The sewing pitch is an interval between stitches on a sewing line and is an interval distance between adjacent needle holes. The reverse stitch length is the length of reverse stitch which is sewn back and overlapped at the beginning and the end of sewing in order to suppress the fray of the sewing thread. The sewing line design unit 212B designs the reverse stitching line according to the set value of the reverse stitching length. At this time, the sewing line design unit 212B is designed so that the sewing pitch of the reverse sewing line is the same as the original sewing pitch of the sewing line. This can reduce the number of needle holes formed by the sewing machine needle and improve the durability of the product. The number of sewing lines to be created defines the length and the number of sewing lines to be created when the width of the material to be sewn is longer than the predetermined width. The numerical control data maximum capacity is an allowable upper limit threshold of the capacity of the numerical control data created by the numerical control data creation unit 212. For example, the user may specify the set value of the maximum capacity of the numerical control data according to the processing capacity, storage capacity, etc. of the sewing control device 200 and the sewing device 300.

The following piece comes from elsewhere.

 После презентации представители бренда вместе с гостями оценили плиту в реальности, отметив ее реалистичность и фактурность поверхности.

The numerical control data related item setting unit 212A causes the display unit 230 to display the numerical control data related item setting screen 212AP of FIG. 4A, and the numerical control data related item setting screen is displayed based on the setting value specified by the user via the operation unit 240. Set each setting value of the item. The numerical control data related item setting unit 212A stores numerical control data related item information indicating each setting value of the numerical control data related item in the storage unit 220.

The sewing line design unit 212B identifies the sewing location based on the attribute information included in the CAD data acquired by the CAD data acquisition unit 211. Then, the sewing line design unit 212B determines the sewing line and the reverse sewing line at the specified sewing location based on the sewing pitch, the set value of the reverse sewing length set by the numerical control data related item setting unit 212A, and the number of sewing lines created. design. The sewing line design unit 212B is an example of the sewing line design means of the present invention.

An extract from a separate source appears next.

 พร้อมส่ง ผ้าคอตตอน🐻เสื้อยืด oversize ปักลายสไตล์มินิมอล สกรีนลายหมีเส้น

FIG. 5A is a schematic diagram showing the parts to be sewn and the sewing points obtained from the CAD data shown in FIG. SP is shown.

Then, in the schematic diagram showing the sewing line and the reverse sewing line designed by the sewing line designing section 212B shown in FIG. 5B, the portion corresponding to the sewing location SP in the part P is designed by the sewing line designing section 212B. A sewing line SL indicated by a solid line and a return sewing line RSL indicated by a broken line that extends downward by folding back from both ends of the sewing line SL are represented. Note that, in FIG. 5B, only the sewing line SL and the reverse sewing line RSL at the upper middle sewing point SP in the part P are denoted by reference numerals, and the notations of the sewing line and the reverse sewing line at other sewing locations SP are omitted. ..

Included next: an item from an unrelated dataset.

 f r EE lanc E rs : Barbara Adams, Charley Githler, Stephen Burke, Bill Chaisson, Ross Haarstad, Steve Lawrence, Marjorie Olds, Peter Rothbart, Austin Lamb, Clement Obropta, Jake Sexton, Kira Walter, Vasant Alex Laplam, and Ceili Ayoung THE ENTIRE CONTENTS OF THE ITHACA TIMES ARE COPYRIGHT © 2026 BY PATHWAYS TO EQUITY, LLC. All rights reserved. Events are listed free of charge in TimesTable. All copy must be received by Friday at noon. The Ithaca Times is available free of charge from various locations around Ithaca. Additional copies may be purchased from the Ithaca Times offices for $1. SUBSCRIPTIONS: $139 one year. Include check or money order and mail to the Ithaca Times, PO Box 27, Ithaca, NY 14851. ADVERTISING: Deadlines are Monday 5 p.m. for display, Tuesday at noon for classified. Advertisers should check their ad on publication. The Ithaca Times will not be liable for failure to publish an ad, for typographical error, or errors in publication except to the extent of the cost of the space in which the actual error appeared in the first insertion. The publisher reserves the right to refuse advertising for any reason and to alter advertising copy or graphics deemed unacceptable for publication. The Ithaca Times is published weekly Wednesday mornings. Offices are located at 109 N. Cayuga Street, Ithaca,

The numerical control data capacity management unit 212C manages the capacity of the numerical control data created by the numerical control data creation unit 212. The numerical control data capacity management unit 212C monitors the capacity of the numerical control data created by the numerical control data creation unit 212 and stored in the RAM 203 functioning as the storage unit 220, and is set by the numerical control data related item setting unit 212A. It is determined whether the maximum capacity of the numerical control data is exceeded. When it is determined that the numerical control data exceeds the maximum numerical control data capacity, the numerical control data capacity management unit 212C controls the display unit 230 to display a sentence, an icon, etc. indicating that the numerical control data exceeds the allowable upper limit threshold. Notify the user by displaying on the display screen. Further, when the numerical control data capacity management unit 212C determines that the numerical control data exceeds the numerical control data maximum capacity, the numerical control data creation unit 212 forcibly ends the numerical control data creation processing and further numerical control data. Suppress the creation of. The numerical control data capacity management unit 212C is an example of the numerical control data capacity management means of the present invention.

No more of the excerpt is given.